一道纤细娇小的身影迅速避开巡逻的侍卫,东拐西拐出了慈安宫,背上背着暗色的布包裹,一路往北避走。

“咦?这……怎么跟地图上长得不一样?”

凌锦意猫在角落里,借着高墙上的灯影,小心翼翼地打开这几日精心绘制的逃跑路线,研究来研究去,忍不住茫然四顾,心里骂娘:

古代人怎么喜欢住这迷宫一样的皇宫?

出个门都得磨破脚后跟。

凌锦意干脆把路线图胡乱塞进包裹里,一双杏眸里装满淡然处之的镇定。

“跟着巡逻队走,肯定能出宫。”她迅速判断形势,当即穿着一身宫女服,不动声色地跟上队伍。

幸亏她冷静机智,一路上有惊无险地混到宫门,被侍卫拦住,镇静地掏出腰牌:“奴婢奉太后娘娘之命,出宫办事。让开。”

先帝驾崩不久,小皇帝尚且年幼,太后顺理成章地垂帘听政,有了慈安宫的令牌,侍卫们立刻放行。

凌锦意表面沉静如常,背着包袱阔步走向宫门外,在心里无声地冲年幼可怜的小皇帝道了一声歉。

对不住了,小皇帝。

她只是一个平平无奇只会点医懂点毒的现代医学生,谁知道不过是因为实验失败,就送了小命,一不小心穿越成这个朝代大儒门第凌家刚及笄的大小姐。

若只是个官家小姐也就罢了——她穿过来第一天,就被一抬凤撵抬进了皇宫,成了那年萧足够当她爷爷的老皇帝的皇后。

那老皇帝后宫佳丽三千,却偏偏只有一个儿子,年过六十了,还在想办法充盈后宫。

岂料她还没回过神搞清状况,那轿子刚落在坤宁宫前,就有人来报信,说陛下驾崩了。

人生真是……大起大落。

凌锦意暗暗叹了口气,转头瞧了一眼庄严巍峨的宫殿,心中突然生出些突破牢笼的兴奋。

这些天她这个莫名其妙的皇后,已经成了太后,成日抱着没她大腿根高的小皇帝上朝,听那些大臣在她面前battle,还得小心应付,别让那些权臣欺负了小皇帝……

人生真是……无比艰难。

所幸她马上就能跑路了!

凌锦意一边畅享着美好生活,一边打算赶紧离开这是非之地,耳边却传来一声低沉悦耳的男音。

“太后留步。”

糟了!

这声音——是当朝宰相,萧景城!

萧家世代忠良,萧景城是响当当的当朝第一美男子,为人杀伐决断,如今肩负辅佐小皇帝的重任,是朝政上的一把手。

绝对不能被他识破身份。

凌锦意僵着小脸,当做没有听见,快步离开宫门口,但小腿刚迈出两步,一把闪耀着寒光的长剑,便架在了脖子上。

“……”

凌锦意哪敢再动,侍卫举着剑横在她项间,似乎在等轿中人的命令。

须臾,轿帘被掀开,一双白皙修长的手先出现在眼前,伴随着不冷不热的一句轻斥:“石终,不得对太后娘娘无礼。”

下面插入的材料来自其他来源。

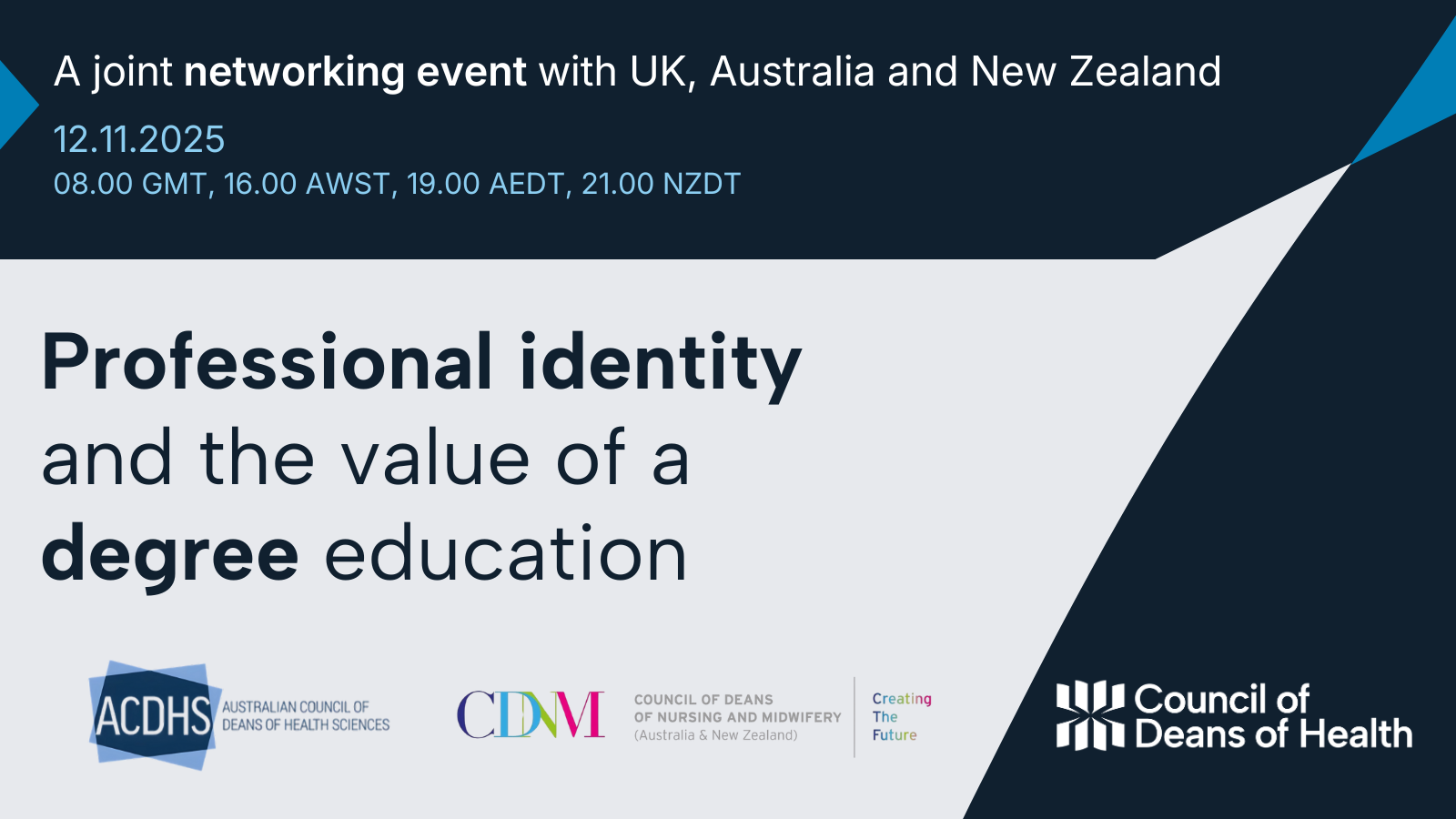 Join us for an online interactive event co-hosted by the Council of Deans of Health (UK), the Council of Deans of Nursing and Midwifery Australia and New Zealand, and the Australian Council of Deans of Health Sciences.

石终是萧宰相的贴身侍卫,为人忠诚冷漠,闻言看都不看凌锦意一眼,二话不说就跪下请罪:“奴才冒犯了。”

沉稳有力的脚步声响起,最后停在她身侧,一道令人不由侧目的冷香袭来,凌锦意咬了咬牙:这人怎么认出自己来的?

事已至此,看来是逃不过去了。

凌锦意破罐子破摔,扯起一抹冷笑,转身,打算来个先发制人:“原来是萧大人,哀家闲来无事散散步,何至于刀剑……”

话没说完,眼神就直了。

月亮不知道什么时候悄悄悬在了半空,清凉如水的月光下,萧景城一袭月牙锦衣长袍,身材修长挺阔,五官如梦似幻,好看的几乎不真实,让人有种仙人下凡的错觉。

不愧是当朝第一美男子!

这颜值放在现代,分分钟秒杀男团顶流小鲜肉。

凌锦意没控制住表情,唇角翘了翘,打破了五官上惯有的清冷姿态,多了一抹少女的灵动之色。

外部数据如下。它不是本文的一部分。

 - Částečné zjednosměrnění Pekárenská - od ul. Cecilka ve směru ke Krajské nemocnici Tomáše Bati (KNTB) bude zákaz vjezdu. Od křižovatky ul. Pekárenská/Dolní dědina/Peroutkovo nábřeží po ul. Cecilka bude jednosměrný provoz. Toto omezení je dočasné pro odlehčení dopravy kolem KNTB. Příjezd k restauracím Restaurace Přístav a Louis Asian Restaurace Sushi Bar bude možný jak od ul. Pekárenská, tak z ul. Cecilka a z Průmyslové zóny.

萧景城板着脸,眉眼间惯有的温和面具撕裂开来,神色冷冽:“太后娘娘,可散完步了?”

“我……”凌锦意失去了先机,一时扛不住他气势逼人的质问,忍不住后退一步,干咳一声:“散得差不多了。”

“臣,送太后娘娘回慈安宫。”萧景城冷冷看着她,微微俯身,语气带着警告,低声道,“夜已深,宫外危机四伏,娘娘还是安心留在慈安宫。否则——”

他看了一眼石终还未入鞘的剑身,眼神没有半点情绪,意思不言而喻。

凌锦意冷不丁打了个寒颤,佯装平静:“谢宰相大人提醒。”

再折腾,吃亏的只能是自己。

虽然逃宫遇上了绊脚石,但碍于绊脚石长得太迷人,她有些克制不住心跳,没出息地先向美色投降了。

反正打不过,只能先顺从。

萧景城克己守礼,将轿子让给了凌锦意,亲自‘护送’她回到慈安宫,二话不说就下令:“太后娘娘心烦,出去散步,竟然没一个人跟着。”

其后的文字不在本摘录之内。